If you need money sooner, diversified fixed-income ETFs and mutual funds could provide an alternative income stream.
2. RRIF reductions – a gift from the feds
As part of its COVID-19 emergency response plan, the government decreased the required minimum withdrawals from RRIFs by 25% for 2020. All seniors should take advantage of this, if you don’t strictly need all the RRIF funds to live on, because it keeps more money working on a tax-sheltered basis in your RRIF, at least for 2020.
Normally, required RRIF withdrawals are based on an age-based percentage “RRIF factor” that’s multiplied by the fair market value of your RRIF assets as of Jan. 1 each year.
For example, normally, if you were age 71 at the beginning of this year, and you had $500,000 in your RRIF, you would have to withdraw 5.28% (the factor for your age) x $5000,000 = $26,400. The factor rises annually until age 95, when it is capped at 20%.

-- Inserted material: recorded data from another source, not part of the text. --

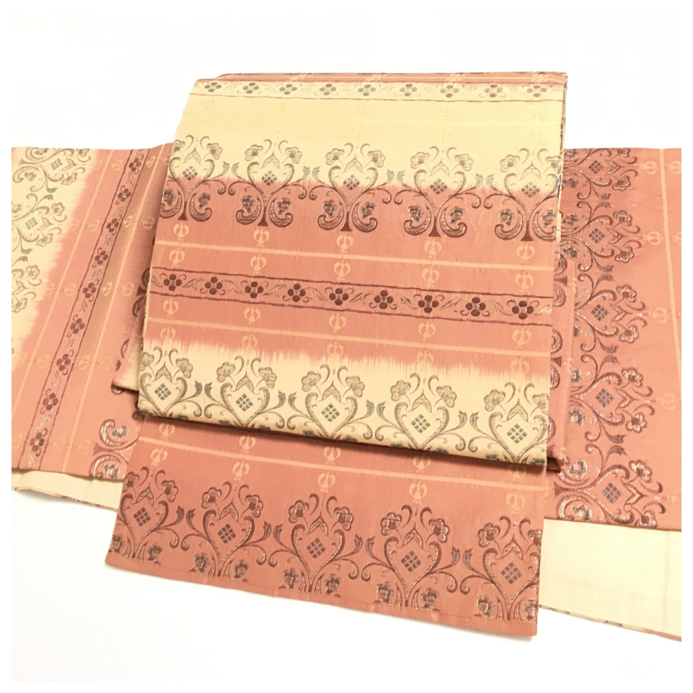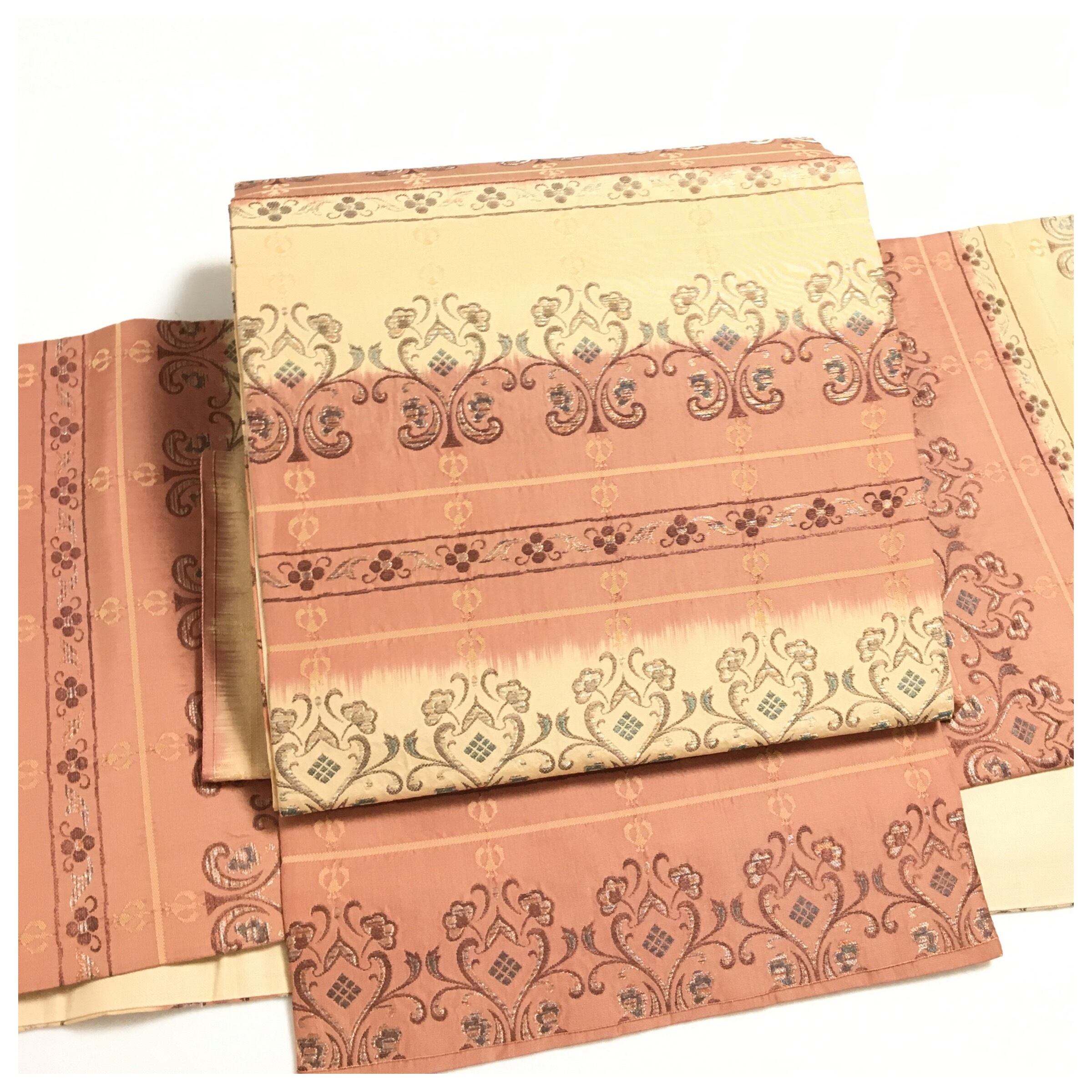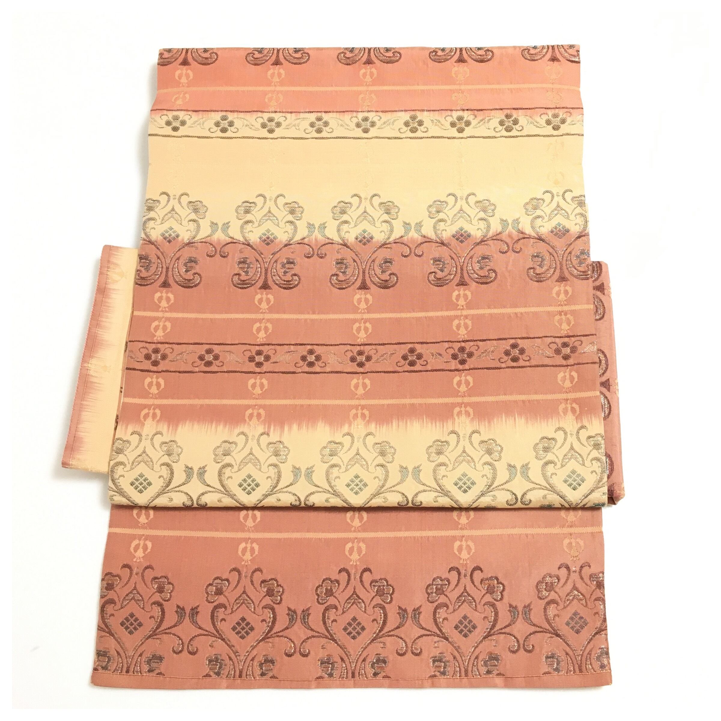 正絹 楽帯 袋帯 染分け 横段 華 二部式 織り柄 二重太鼓 作り帯 です。
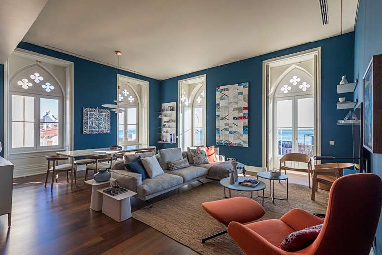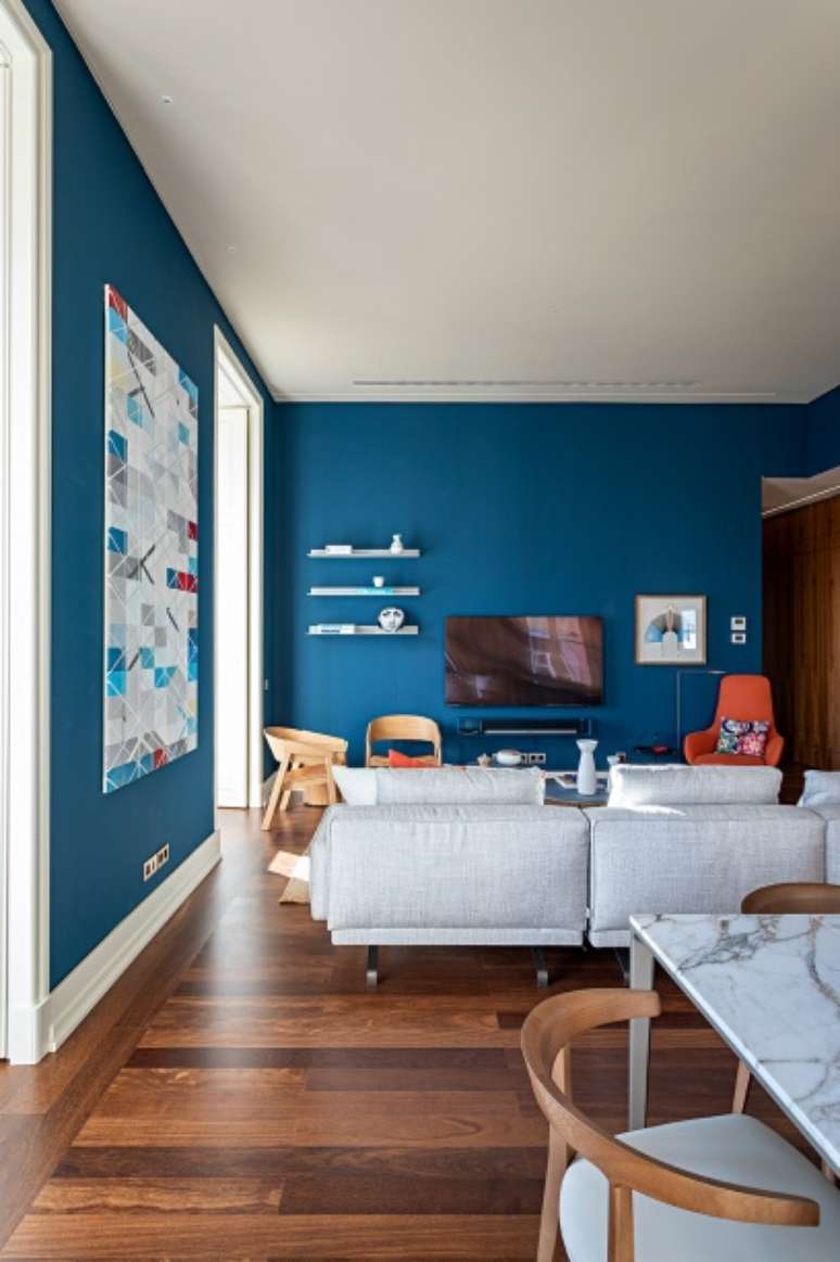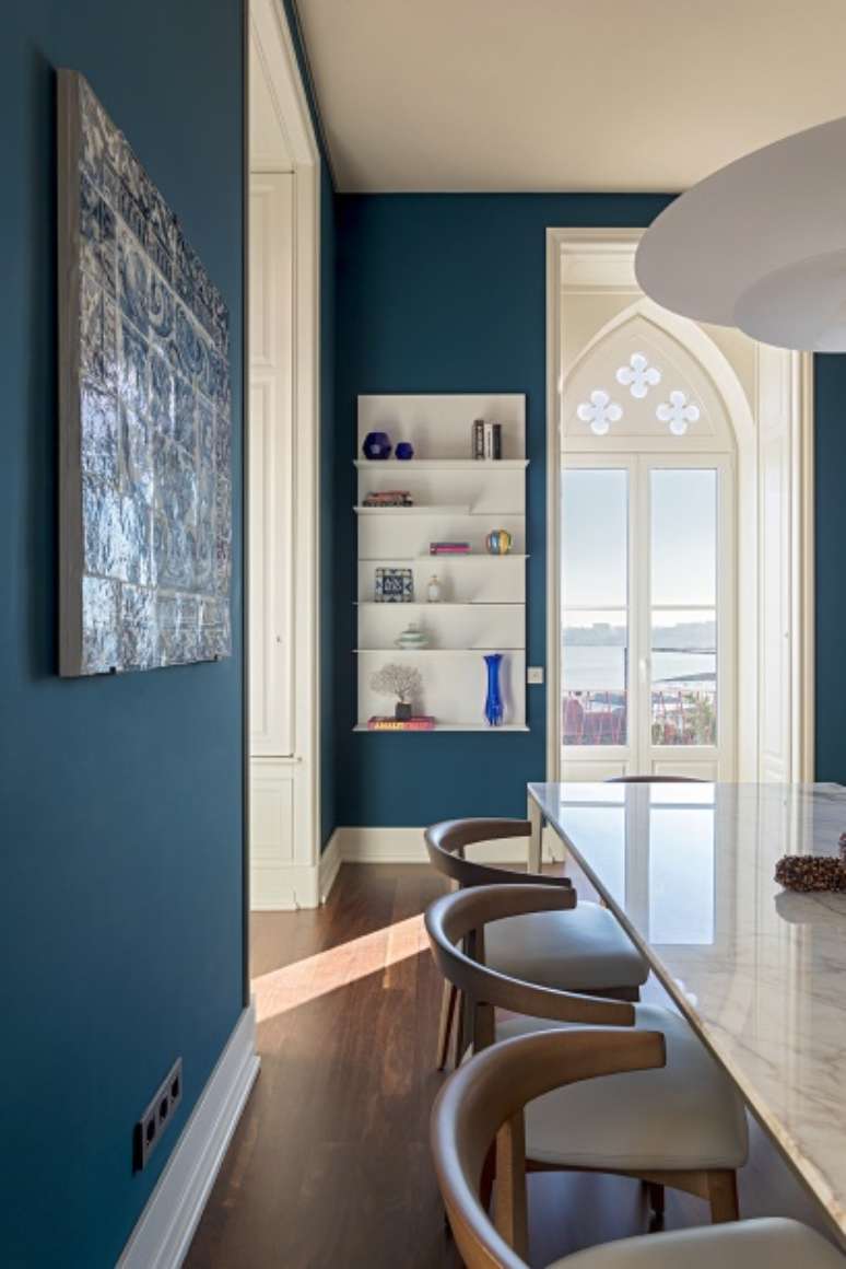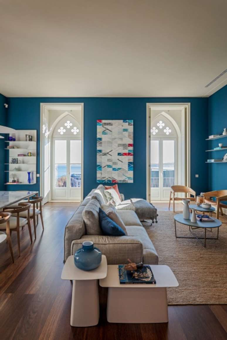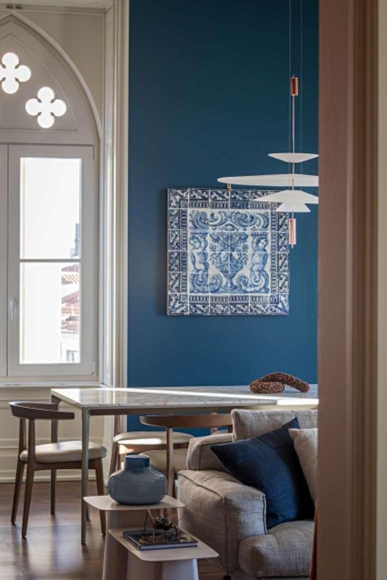 Apê em Portugal ganha reforma com décor contemporâneo e tons azuis
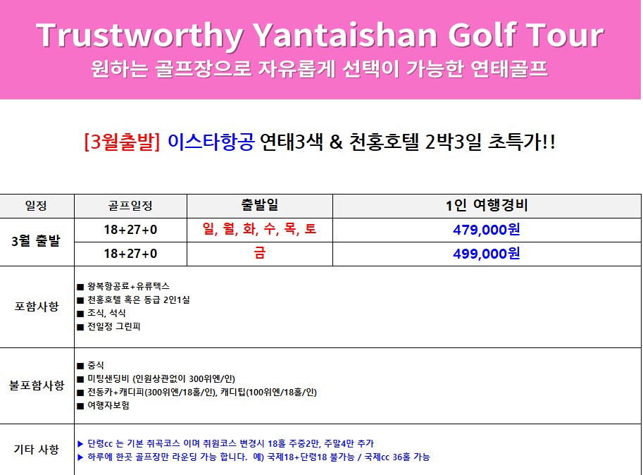 [3~4월 출발] 연태3색+천홍호텔 2박3일 초특가! (18+27+0홀) 479,000원~
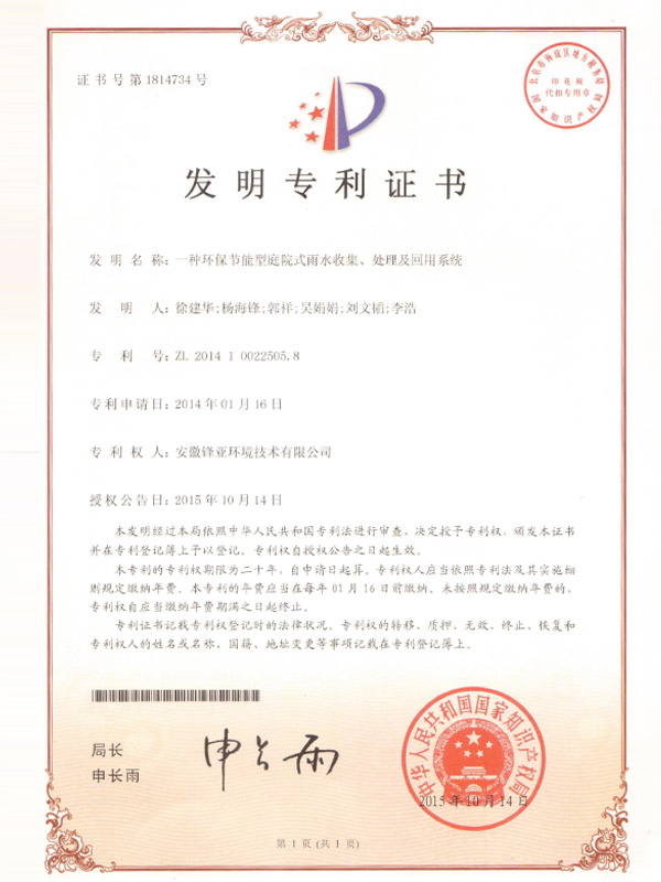 一種環保節能型(xíng)庭院式雨水收集、處理及回用係統
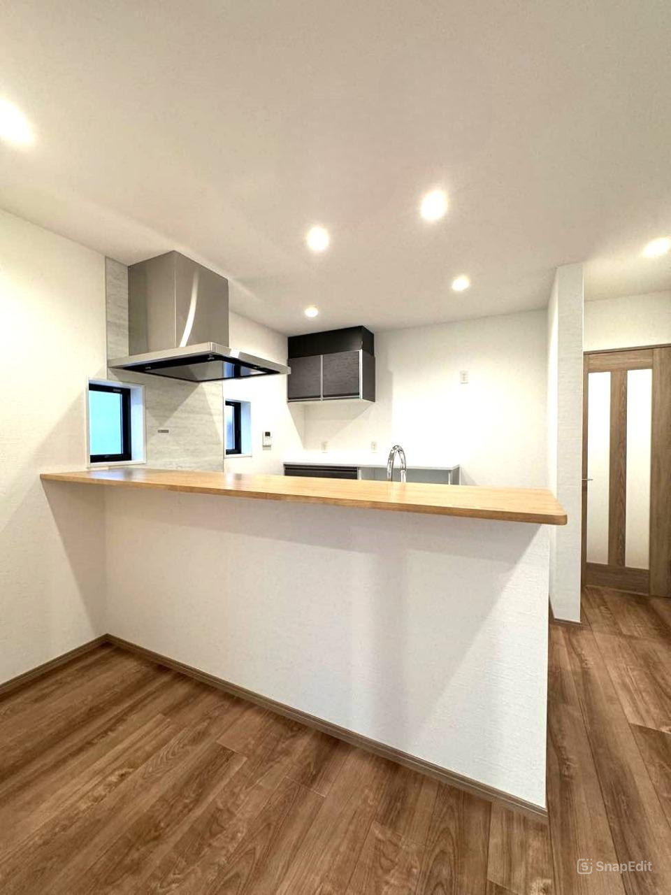 ダイニングを見渡せるように壁付けのL字型のキッチンは対面式に。

Under the federal government’s COVID-19 Emergency Response Plan, for the year 2020, that factor is reduced by 25%, to 3.96% at age 71, rising to 15% at age 94. So for 2020, the 71-year-old retiree would have to withdraw 3.96% x $500,000=$19,800 from their RRIF, a difference of $6,600, which can be left in the RRIF to grow on a tax-deferred basis.
For RRIF withdrawals of those younger than age 71, the factor is calculated as 1 divided by (90 minus your age on Jan. 1, 2020), and reduced by 25%. So for example, a 67-year-old would have a reduced RRIF factor of 3.26% for 2020. And with a RRIF valued at $500,000 on Jan. 1, their minimum withdrawal would be $16,300.
And here’s a handy tip to reduce those minimum withdrawal amounts even more: Use spouse’s age to calculate RRIF withdrawals. Yes, the rules let you base your minimum RRIF withdrawal calculation on your spouse’s age. If your spouse is younger than you, that could be a benefit because your spouse’s minimum withdrawal amount would less than yours, which not only keeps more in the tax-sheltered account but brings less into your taxable income for the year.